In 1906, British-born traveler Arthur Rochford Manby coerced a claim to the 60,000+ acre Antonio Martínez land grant on which the springs were located. In his biography of Manby, Frank Waters has written that Manby "lied, schemed and stole" to secure the land. Manby was involved in numerous disputes with the locals, and by the early 1900s he went to live out near the springs. In 1922, Manby envisioned a resort, which he planned to name Lost Springs of the Aztec, that would include a luxury hotel with the springs as the centerpiece. All that was built was a rock-walled bathhouse and several cabins. The bathhouse entrance was built one story above the spring which was accessed via a staircase. In 1927 the area flooded and several cabins were destroyed, as well as the bridge over the river. Manby died in 1929 without realizing his full plan for developing a resort. He died a gruesome death, having been found decaptiated in his home in Taos. A local folklore legend is that his ghost roams the hot springs area.
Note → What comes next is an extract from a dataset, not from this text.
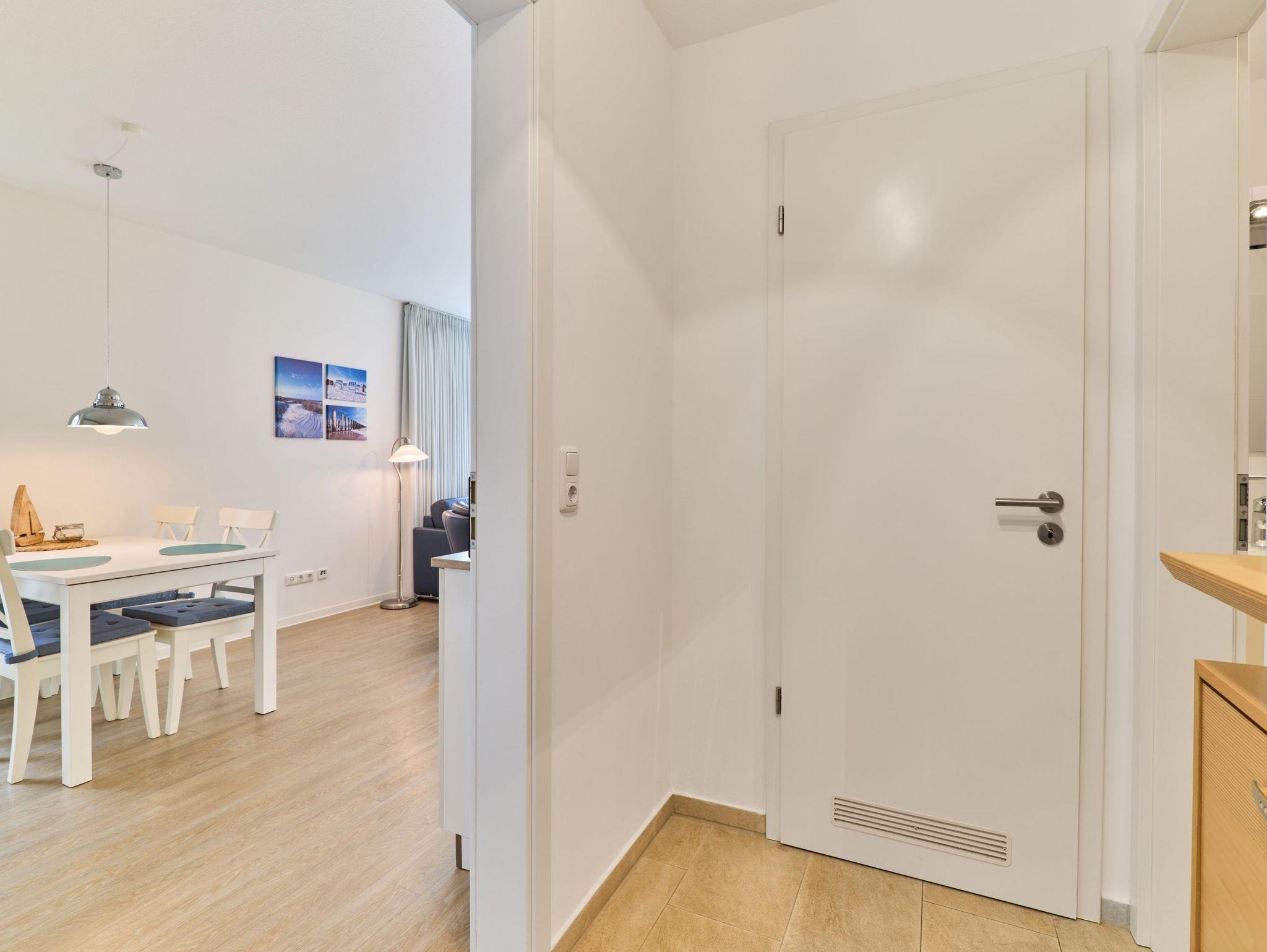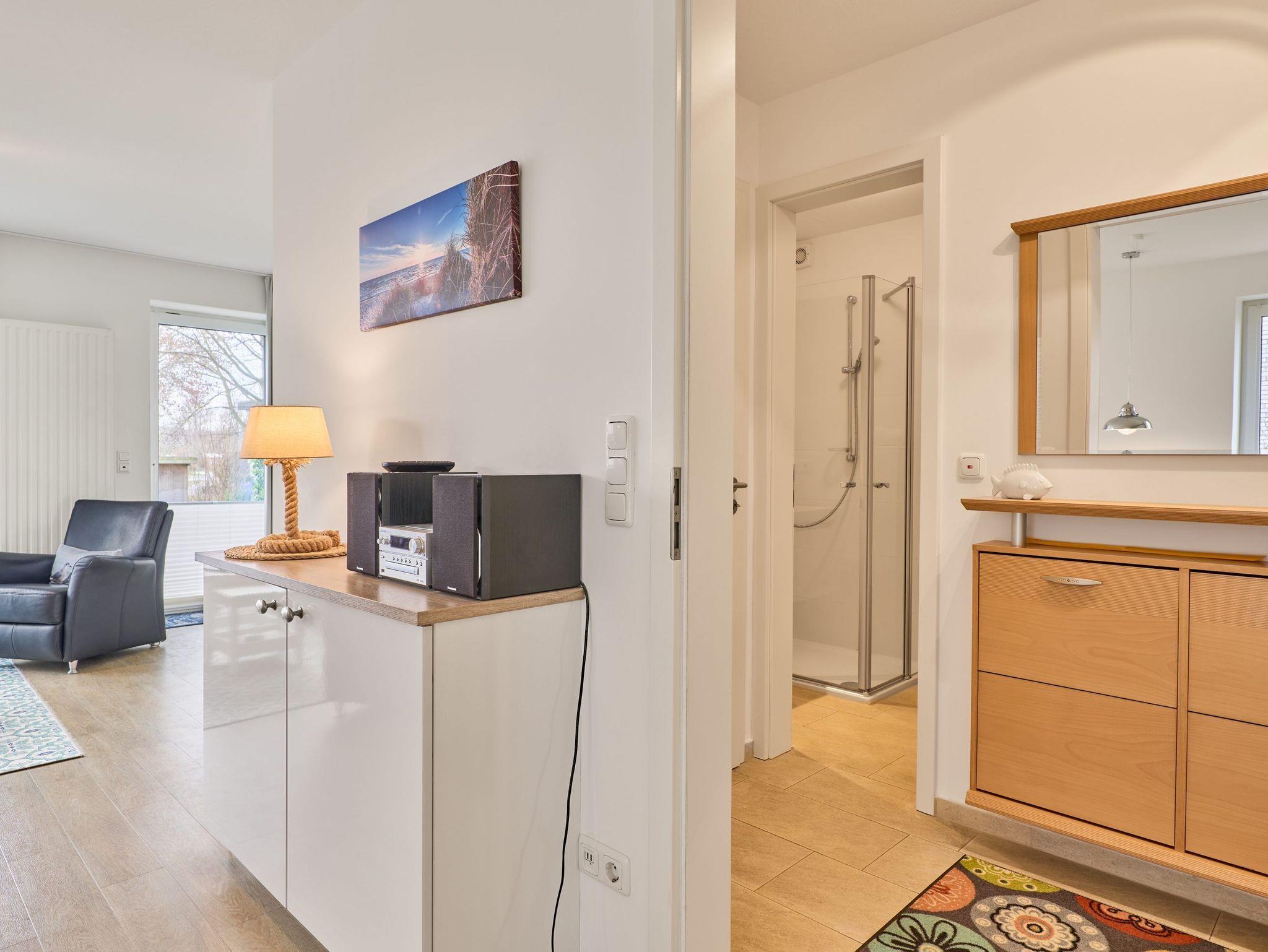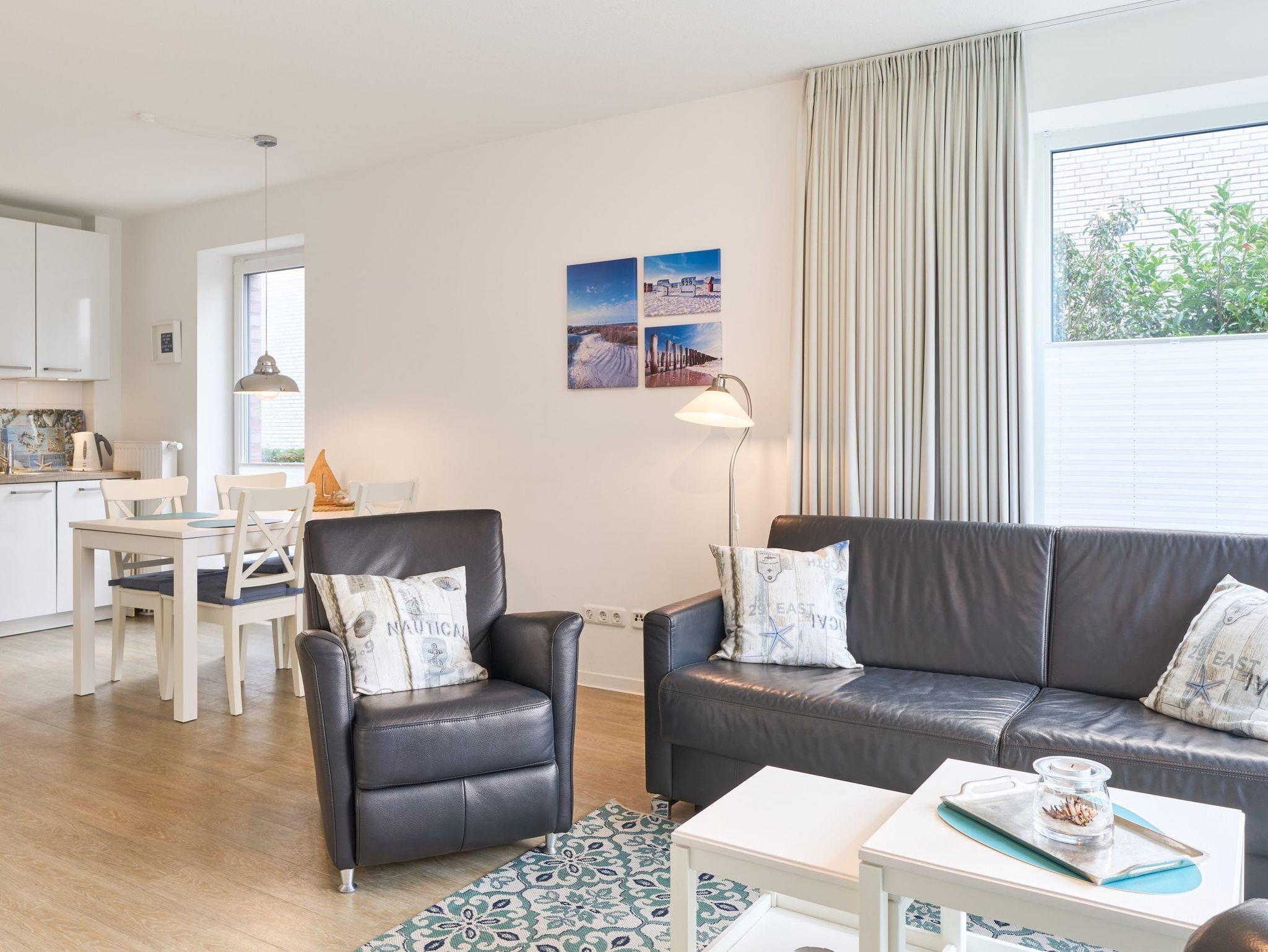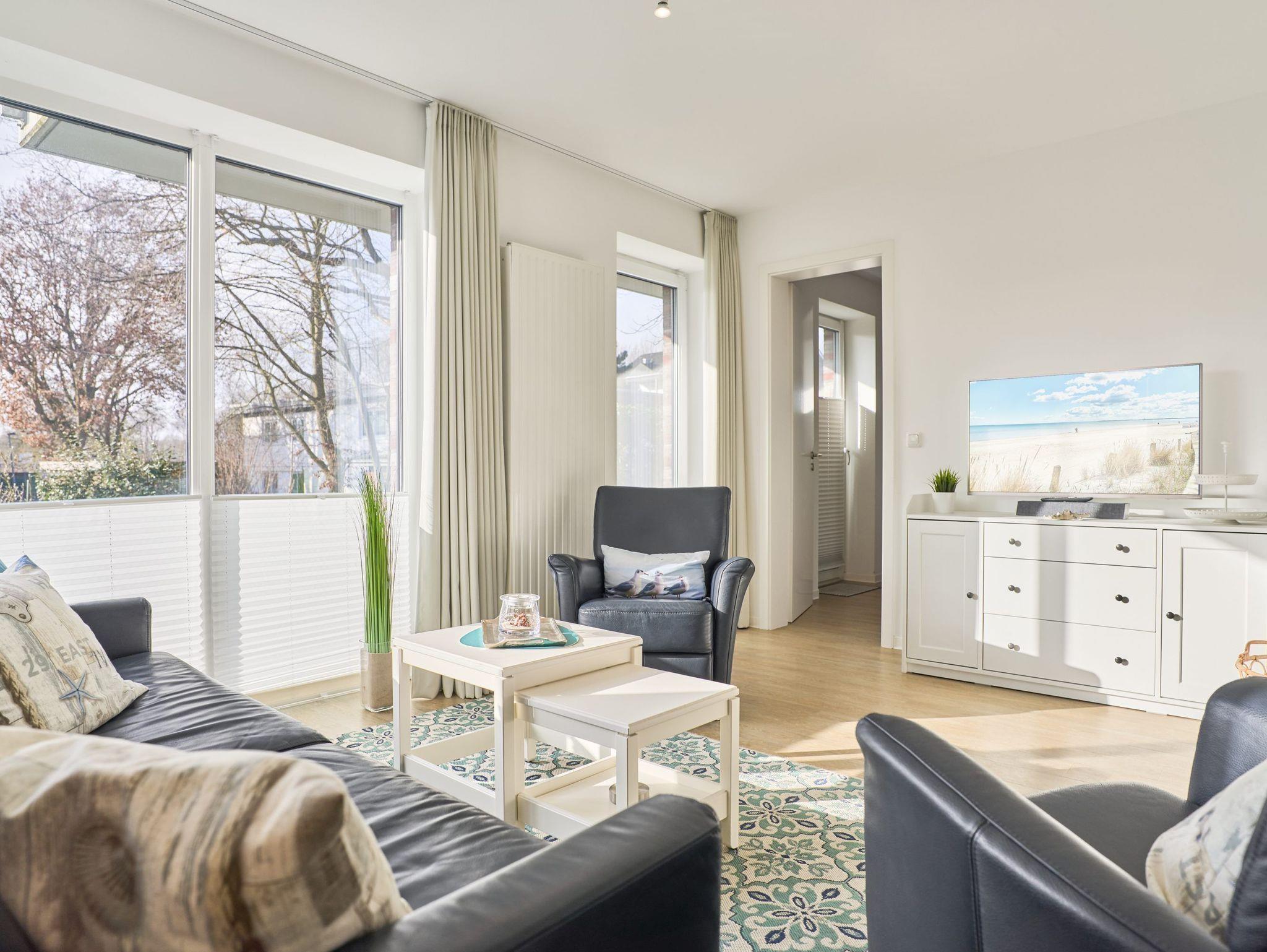 Die gut geschnittene sonnige Ferienwohnung mit bodentiefen Fenstern in Wohn- und Schlafzimmer liegt im Erdgeschoss und verfügt über eine große, sonnige Südwest-Terrasse mit Blick ins Grüne. Die kleine komfortable Wohnanlage ist in direkter Lage am Dünengürtel, dem feinsandigen Ostseestrand und der Dünenmeile mit ihren schönen Cafés, Restaurants und Geschäften. Nur wenige Meter sind es zum Strandübergang mit saisonal vom DLRG bewachten Strandabschnitt.

Other local legends state that he returned to Europe, and that it was not his body that was found, but rather it was "part of a ruse to avoid his creditors."

==Description==
Manby Hot Springs are a group of several geothermal springs that bubble into several primitive rock-lined soaking pools with sandy bottoms. The ruins of a former bathhouse and cabins still exist on site, as do the ruins of the old stagecoach stop. The main soaking pool is located at the edge of the river. The temperature of this pool is 98 °F, and is several feet deep. A smaller, but warmer soaking pool is located at the foot of the former stagecoach station. Additional soaking pools are located along the river, but sometimes flood out during rainstorms.

==Location==
The springs are within the Rio Grande del Norte National Monument located on Bureau of Land Management land in the BLM Rio Grande Wild and Scenic River Recreation Area. There is a private riverside trail, Tune Drive, to the springs. The BLM states that the parking area is also located on private land, which is under a 1980s conservation easement. All routes to the springs are partially on private roads. In 2021, the Taos News reported that the president of the Stagecoach Neighborhood Association stated that "The only legal access is floating the river or walking a fisherman's trail along the river."

The springs are located at 36°30’48”N 105°43’32”W on the east bank of the Rio Grande gorge, approximately 12 miles from Taos.

==Water profile==
The mineral water emerges from the ground at 100 F.